Drugs/Therapy
Immunotherapy Cancer Drug Better Than Chemotherapy? New Study Out
Could immunotherapy cancer drug be the cure every cancer patient has been waiting for all this time?
For years now, scientists and pharmaceutical companies have been trying to find the right medicine that might treat cancer, especially that more and more people have been affected by the disease.
In a new study, it appeared that patients who have been given immunotherapy cancer drug have recorded better result compared to those who have undergone chemotherapy.
According to BBC, the research, which was published in the New England Journal of Medicine and presented at the European Cancer Congress, was so effective that it was regarded as a "game changer."
While it was noted that advanced head and neck cancer has "very poor survival rates," the use of immunotherapy drug nivolumab has reportedly lengthened the patient's life compared to simply relying on chemotherapy.
Among the 350 patients under study, the report disclosed that 36 percent of them were given immunotherapy cancer drug nivolumab, while 17 percent received chemotherapy alone. Of the two groups, the first one "were alive after one year."
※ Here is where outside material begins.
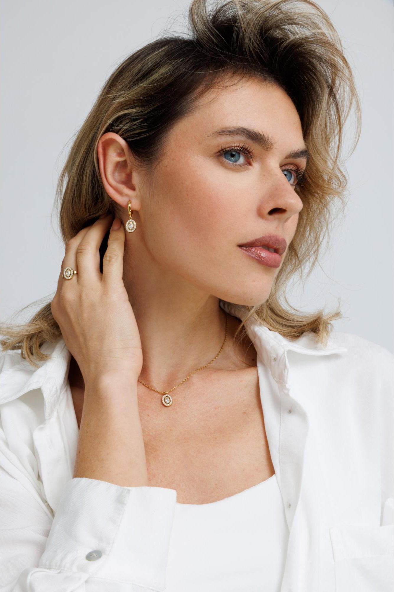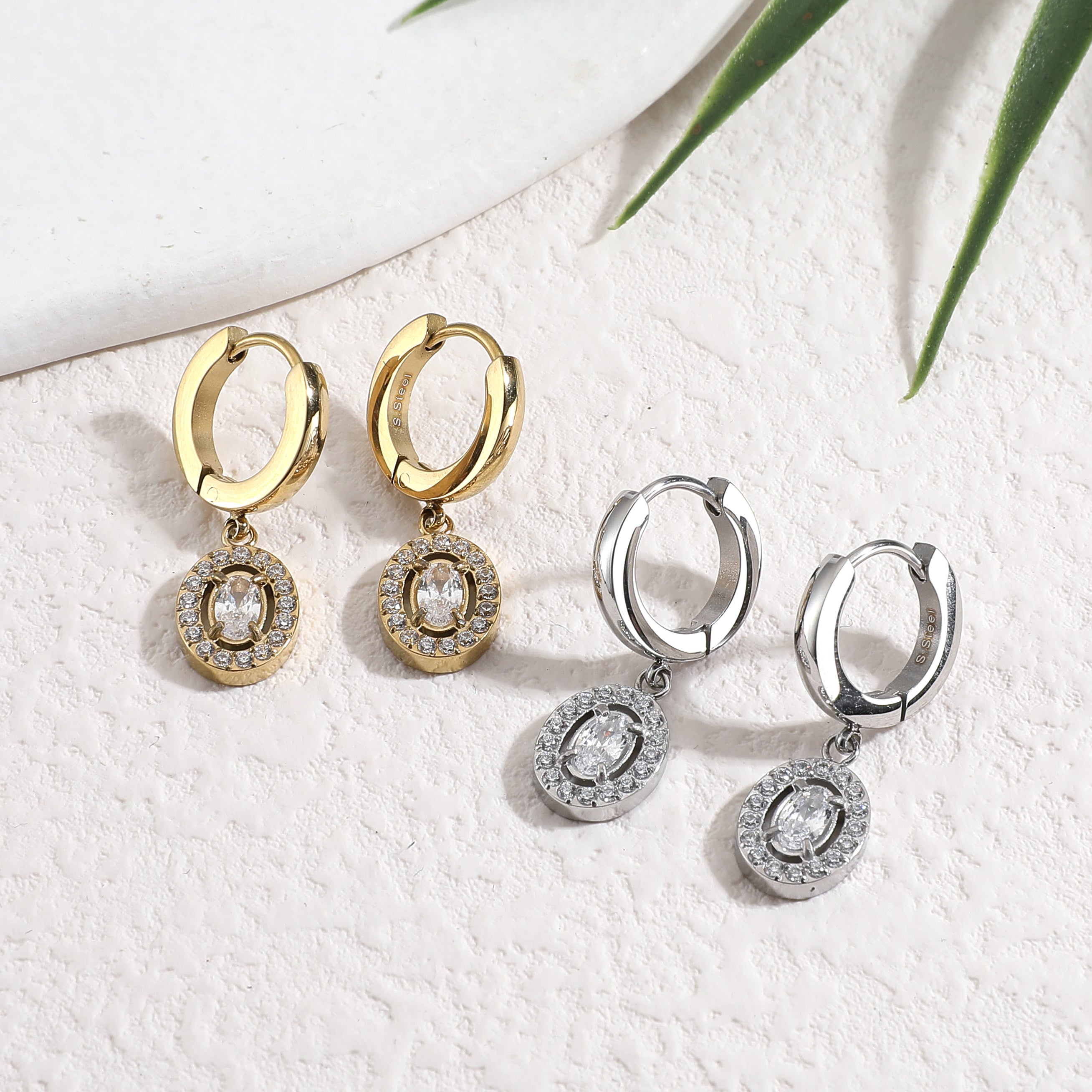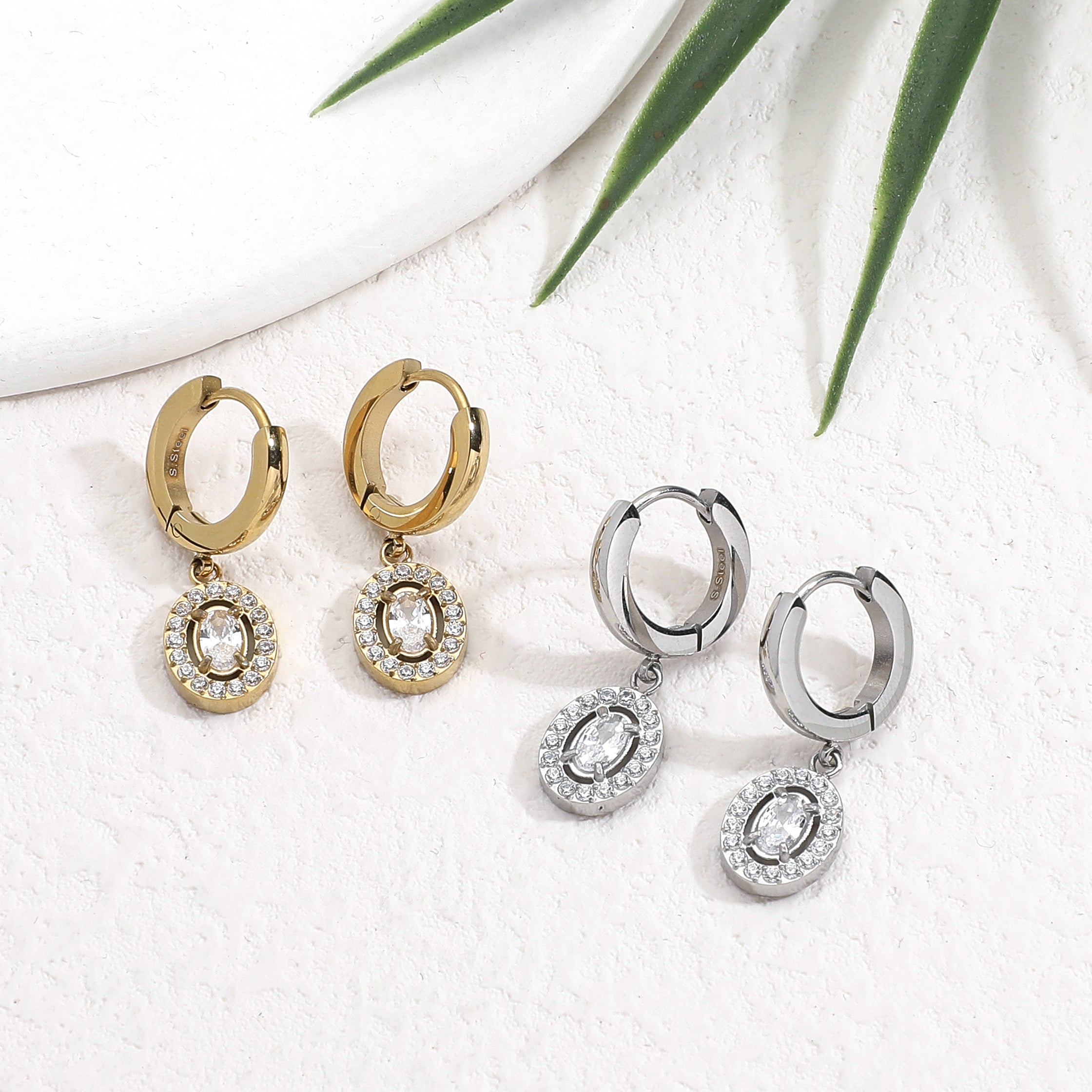 עגילי חישוק אליפס דיימון הם עגילי חישוק בשילוב זרקונים משובצים עדינים הכי קלאסיים שיש.

BBC also reported that aside from extending the life of the patients, the immunotherapy cancer drug also improved their immune system to destroy the cancer cells and fewer side effects were observed.
Sixty-four-year-old Peter Waite, a renal cancer patient of Hertfordshire, shared his journey.
"I feel a bit of a fraud having terminal cancer because I haven't been in pain at all," he said.
Waite began his combined immunotherapy treatment, which used nivolumab and ipilimumab, in early 2015. This was done for a clinical study after doctors found out that following his recovery from kidney and lung cancer, another form of the disease hit him.
"There's been nothing negative about it for me and I feel a bit embarrassed really," the immunotherapy cancer drug beneficiary added.
As a result of his treatment, one of his tumours has shrunk, while the two others have no growth at all.
"I feel very privileged to have had the opportunity to go on the trial," he said.
As explained by Cancer.net, immunotherapy or biologic therapy works by boosting the patient's immune system or "natural defenses to fight the cancer."